Lale hatun ve şehzade Mehmed o geceyi beraber geçirmişlerdi. Sabah, Lale hatun dairesine geri dönerken birden durdu. Onu durduran şey; geçen günler benim saraydan kovduğum cariye, ardından saraya şehzade Mehmed tarafından geri alınan cariye tekrar saraydan gidiyordu. Benim anladığım buydu.
Pılını pırtını toplamış, arkasında ağalar refakât ederek haremden ayrıldı. Lakin cariyeyi bir şey durdurdu. Hissetmiş gibiydi nedende, döndü ve Lale hatuna baktı. Haset dolu bakışlarla arkasını geri döndü.
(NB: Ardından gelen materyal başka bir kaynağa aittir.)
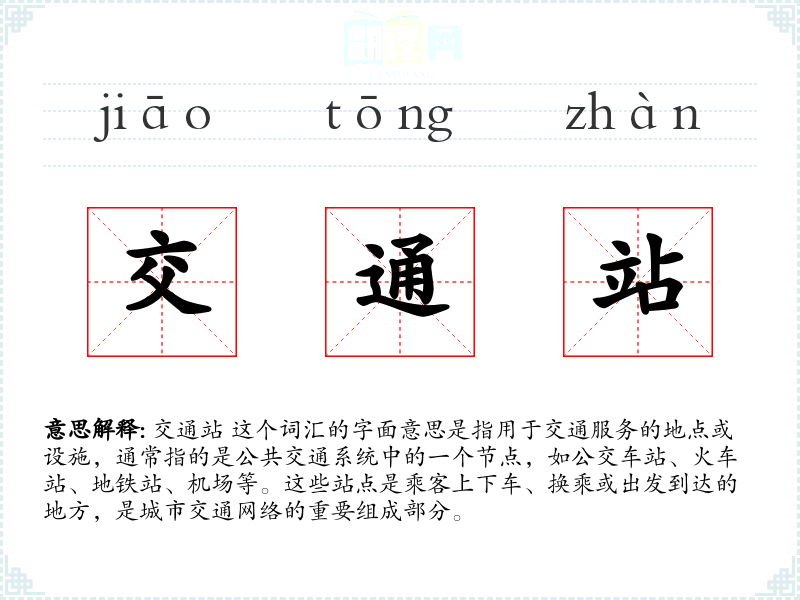 交通站 这个词汇的字面意思是指用于交通服务的地点或设施,通常指的是公共交通系统中的一个节点,如公交车站、火车站、地铁站、机场等。这些站点是乘客上下车、换乘或出发到达的地方,是城市交通网络的重要组成部分。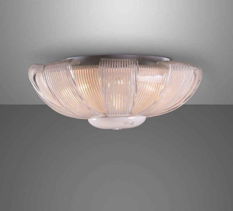 Lampada a plafone con struttura in metallo e vetro di Murano.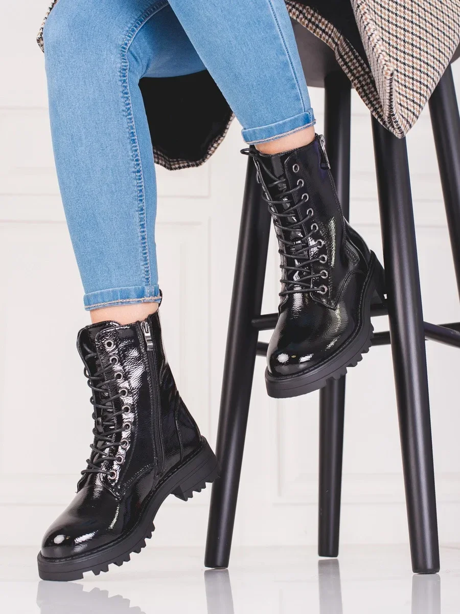 Dámské kotníčkové boty na plochém podpatku KK274539 Bílá s černou - BIG STAR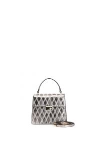 Steife minitasche in metallicfarben. rauten-patchwork. einzelnes fach und innentasche mit reißverschluss. druckknopfverschluss mit strass-accessoire. tasche mit schulterriemen.

O gün, Lale hatun, bir kez daha şehzadesi Mehmede aşık olmuştu. Biliyordu ki, Mehmed en çok Lalesine değer veriyordu
-Bugün-
Mehmed ile beraber onun dairesinde oturuyorduk. Sabah kahvaltısını, elinde bir tepsi ile daireye giren bir cariye getirdi. Masaya koydu ve daireden ayrıldı.
Yemekleri görür görmez iştahım daha da açıldı. Gözlerim parladı ve hemen bir elimle tatlıya doğru atladım.
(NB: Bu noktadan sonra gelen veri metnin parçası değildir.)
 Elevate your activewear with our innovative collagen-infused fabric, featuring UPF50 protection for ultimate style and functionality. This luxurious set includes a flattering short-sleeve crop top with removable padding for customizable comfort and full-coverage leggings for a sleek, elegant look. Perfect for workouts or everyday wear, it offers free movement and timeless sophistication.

Lokumu aldım ve ağızıma attım. Mehmed bu yaptığımı komik bulmuş olacak ki güldü, "ilk önce kahvaltını yeseydin, ne bu tatlı sevdası?", dedi Mehmed.
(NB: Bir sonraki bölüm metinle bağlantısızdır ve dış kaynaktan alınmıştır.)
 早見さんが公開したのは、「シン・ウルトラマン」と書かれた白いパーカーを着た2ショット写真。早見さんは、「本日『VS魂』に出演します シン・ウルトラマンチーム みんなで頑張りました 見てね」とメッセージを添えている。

Ağızımı ne ara doldurduysam cevap verecek güç bulamadım. Ağızımdakını tek bir seferde çiğnemeye çalıştım ama olmadı. Mehmed de konuşamayacağımı anlayıp güldü, "tamam tamam.", dedi kahkaha atarak.
Suyu aldım ve içtim. Sonunda ağızımdaki lokmayı rahatlıkla yutabilmiştim. Son şu bir aydır hrşey mükemmel gidiyordu. Mehmed ile hergün görüşüyordum, etrafımda sevmediğim değil de, sevdiğim insanlar vardı.
Niko'yu da çok özlemiştim. Kendisi payitahtta kalmıştı. Onu Elena ile birlikte çok özlüyordum.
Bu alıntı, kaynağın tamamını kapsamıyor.